The last optional argument prot is specific to Unix-like systems; it specifies the file protection (by default `644').

Method: void ifstream::open (const char* fname [, int mode [, int prot]]): Open a file explicitly after the associated ifstream object already exists (for instance, after using the default constructor). The arguments, options and defaults all have the same meanings as in the fully specified ifstream constructor.

You can write data to class ofstream with any operation from class ostream. There are also a few specialized facilities:

Constructor: ofstream::ofstream (): Make an ofstream associated with a new file for output.

Constructor: ofstream::ofstream (int fd): Make an ofstream for writing to a file that was already open, using file descriptor fd.

Constructor: ofstream::ofstream (const char* fname [, int mode [, int prot]])

Open a file *fname for this ofstream object.

By default, the file is opened for output (with ios::out as mode). You can use the optional argument mode to specify how to open the file, just as described for ifstream::ifstream.

The last optional argument prot specifies the file protection (by default `644').

Destructor: ofstream::~ofstream (): The files associated with ofstream objects are closed when the corresponding object is destroyed.

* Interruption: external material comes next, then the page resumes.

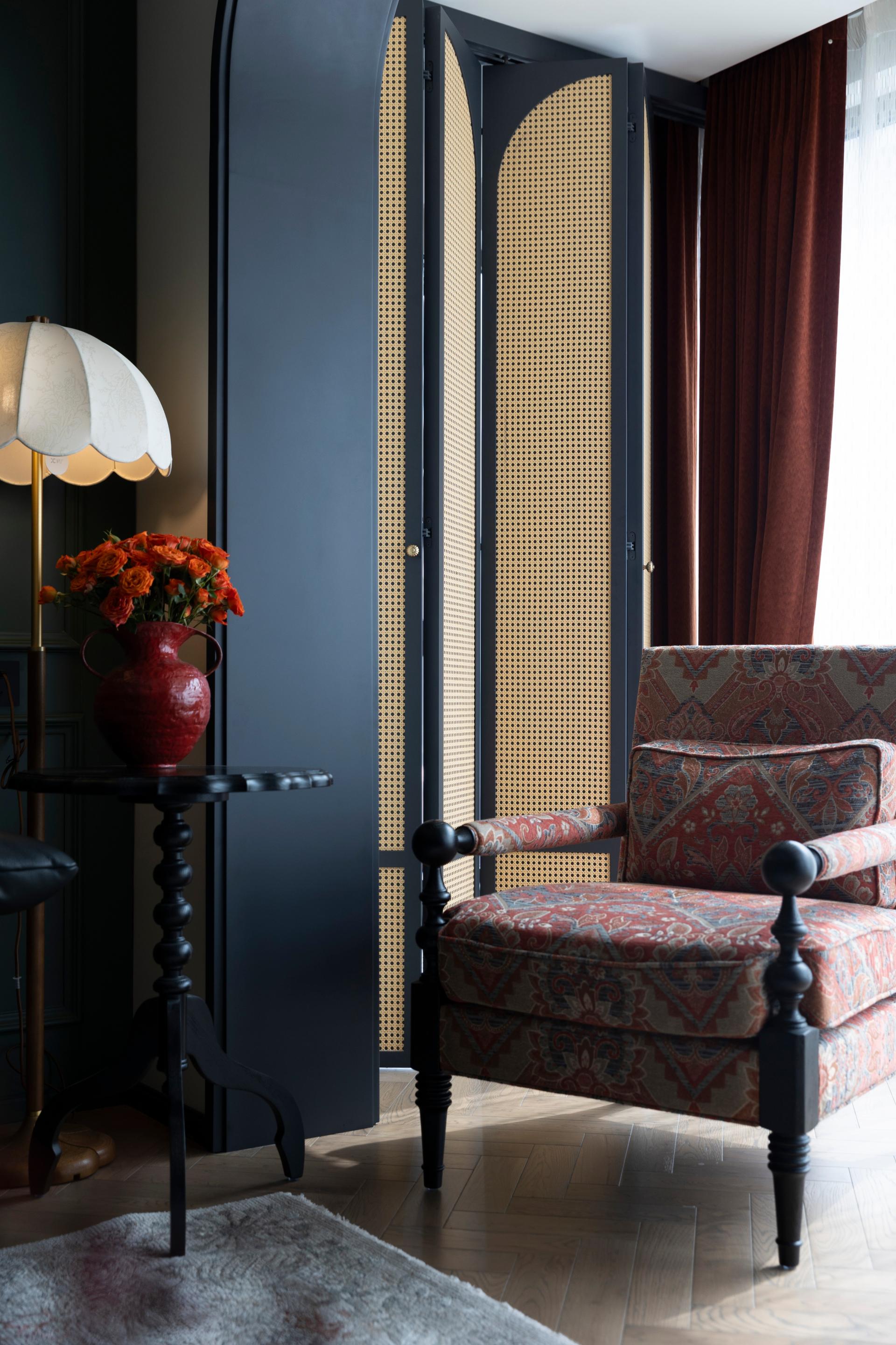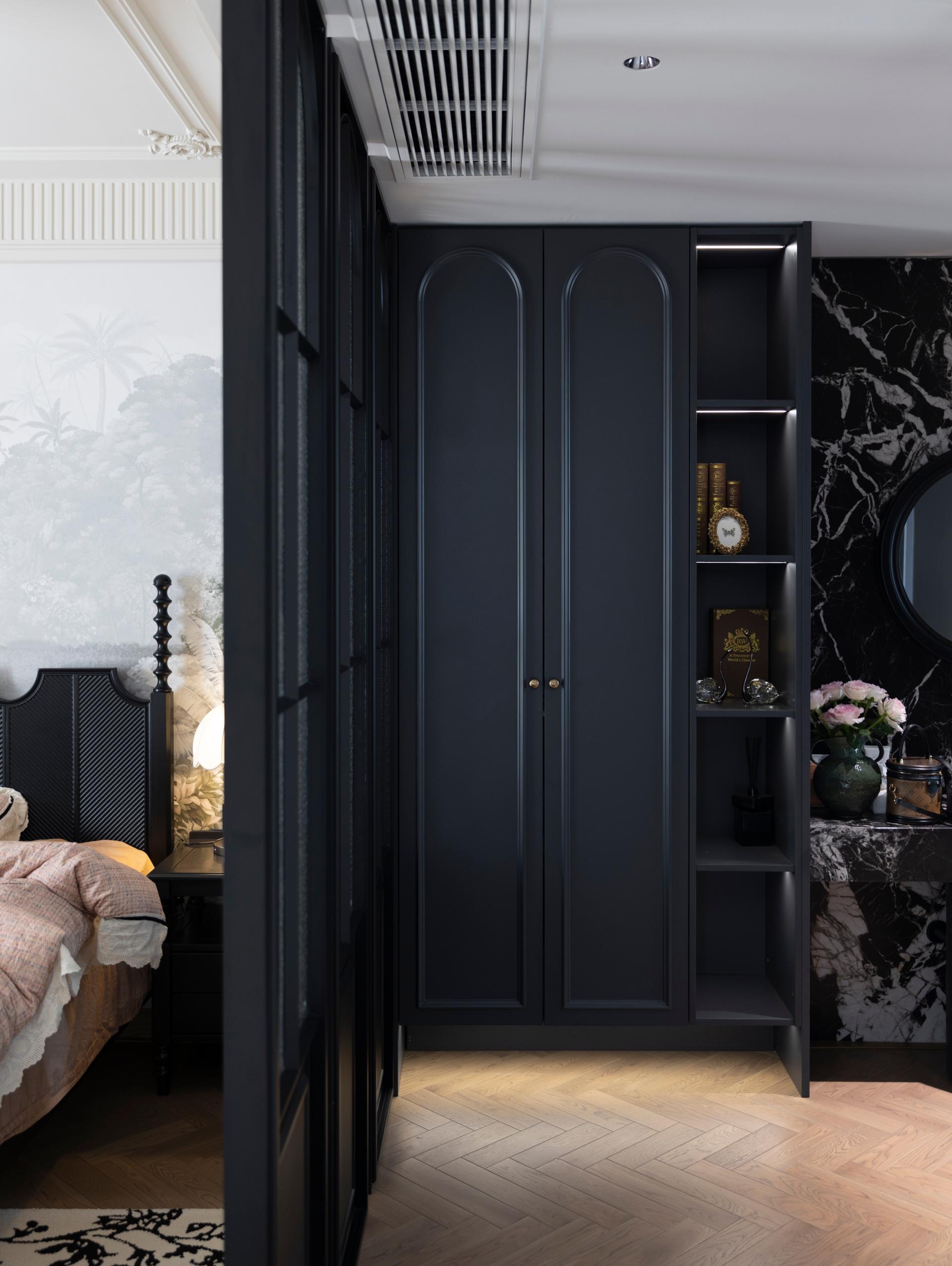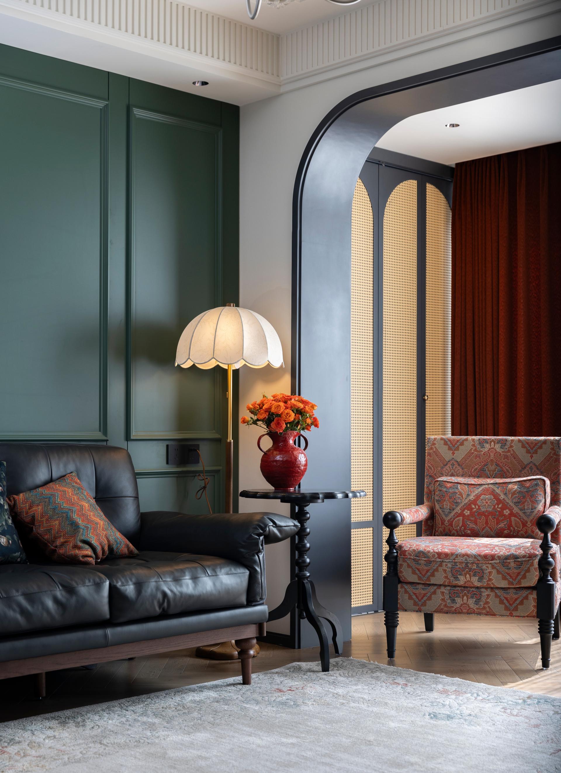 This space deliberately avoids chasing fleeting "styles." Instead, it begins with the resident's unique aesthetic, weaving together a nostalgia for the past with a pursuit of a refined quality of life. The result is a home that balances classical character with a contemporary edge. Our vision was for a space that is more than a mere backdrop, but a place that resonates emotionally with its inhabitants. The design rejects static style labels, instead establishing the "arch" as a core visual anchor that unifies the spatial flow, material palette, and functional zones. Inspiration is drawn from a fusion of European classical elegance, the relaxed ambiance of Southeast Asian colonial style, and the restraint of modernism. Every element, from the archways to the lighting and furniture, narrates a vignette from different cultures and eras. A base palette of dark green, black, and wood tones grounds the space, lending each area a distinct yet cohesive emotional mood. The arch, as the central design motif, appears not only in doorways but is also artfully integrated into the cabinet doors. Its soft curves disrupt the conventional rectilinear layout, imbuing the space with a sense of fluidity and ceremony. Expansive dark green wall paneling creates a serene atmosphere, forming a deep contrast with the black leather and lacquered furniture. A diverse material system—including rattan weaving, a Kilim-style rug, fluted glass, and brass accents—is introduced to enrich the tactile and visual layers, allowing for a natural fusion of the raw and the refined, the classic and the contemporary. Beyond aesthetic expression, we placed a strong emphasis on user experience. Storage solutions, such as the rattan cabinetry and full-height wardrobes, are seamlessly integrated into walls and partitions, addressing practical needs without compromising the visual integrity. The kitchen features an L-shaped workflow and a split-level countertop design to enhance efficiency. A multi-layered lighting system—comprising ambient, task, and accent lighting—caters to various scenarios, providing precise support for everything from kitchen prep to bedside reading, thus achieving a perfect balance between lifestyle and design.

Method: void ofstream::open (const char* fname [, int mode [, int prot]]): Open a file explicitly after the associated ofstream object already exists (for instance, after using the default constructor). The arguments, options and defaults all have the same meanings as in the fully specified ofstream constructor.

The class fstream combines the facilities of ifstream and ofstream, just as iostream combines istream and ostream.

The class fstreambase underlies both ifstream and ofstream. They both inherit this additional method:

Method: void fstreambase::close (): Close the file associated with this object, and set ios::fail in this object to mark the event.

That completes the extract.